Exercise description:
In the listing below, print exactly the lines between the line holding "Pantofel Kulit Selop" and the line holding "Elle est utilisée", inclusive, and no more.

Given information:
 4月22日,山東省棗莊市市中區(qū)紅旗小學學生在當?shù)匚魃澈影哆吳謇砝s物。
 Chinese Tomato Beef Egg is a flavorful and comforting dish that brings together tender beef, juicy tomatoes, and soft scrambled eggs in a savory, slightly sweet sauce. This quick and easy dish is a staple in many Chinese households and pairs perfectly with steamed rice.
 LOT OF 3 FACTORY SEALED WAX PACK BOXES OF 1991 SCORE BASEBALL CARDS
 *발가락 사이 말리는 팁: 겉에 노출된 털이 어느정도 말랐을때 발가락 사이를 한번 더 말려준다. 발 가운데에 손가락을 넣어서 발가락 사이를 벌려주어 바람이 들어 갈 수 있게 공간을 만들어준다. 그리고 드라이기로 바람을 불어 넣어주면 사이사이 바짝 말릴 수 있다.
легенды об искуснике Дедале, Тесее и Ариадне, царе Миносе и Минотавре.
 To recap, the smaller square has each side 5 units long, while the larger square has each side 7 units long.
--
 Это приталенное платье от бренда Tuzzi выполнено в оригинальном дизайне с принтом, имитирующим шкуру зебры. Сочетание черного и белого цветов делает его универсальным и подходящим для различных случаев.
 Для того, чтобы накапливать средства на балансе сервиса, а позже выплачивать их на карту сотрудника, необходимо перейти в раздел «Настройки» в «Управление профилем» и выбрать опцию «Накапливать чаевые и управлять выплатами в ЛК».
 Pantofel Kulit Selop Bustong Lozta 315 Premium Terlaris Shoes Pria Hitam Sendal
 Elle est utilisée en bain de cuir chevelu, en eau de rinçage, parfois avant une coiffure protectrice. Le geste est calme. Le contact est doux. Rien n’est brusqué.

Exercise result:
 Pantofel Kulit Selop Bustong Lozta 315 Premium Terlaris Shoes Pria Hitam Sendal
 Elle est utilisée en bain de cuir chevelu, en eau de rinçage, parfois avant une coiffure protectrice. Le geste est calme. Le contact est doux. Rien n’est brusqué.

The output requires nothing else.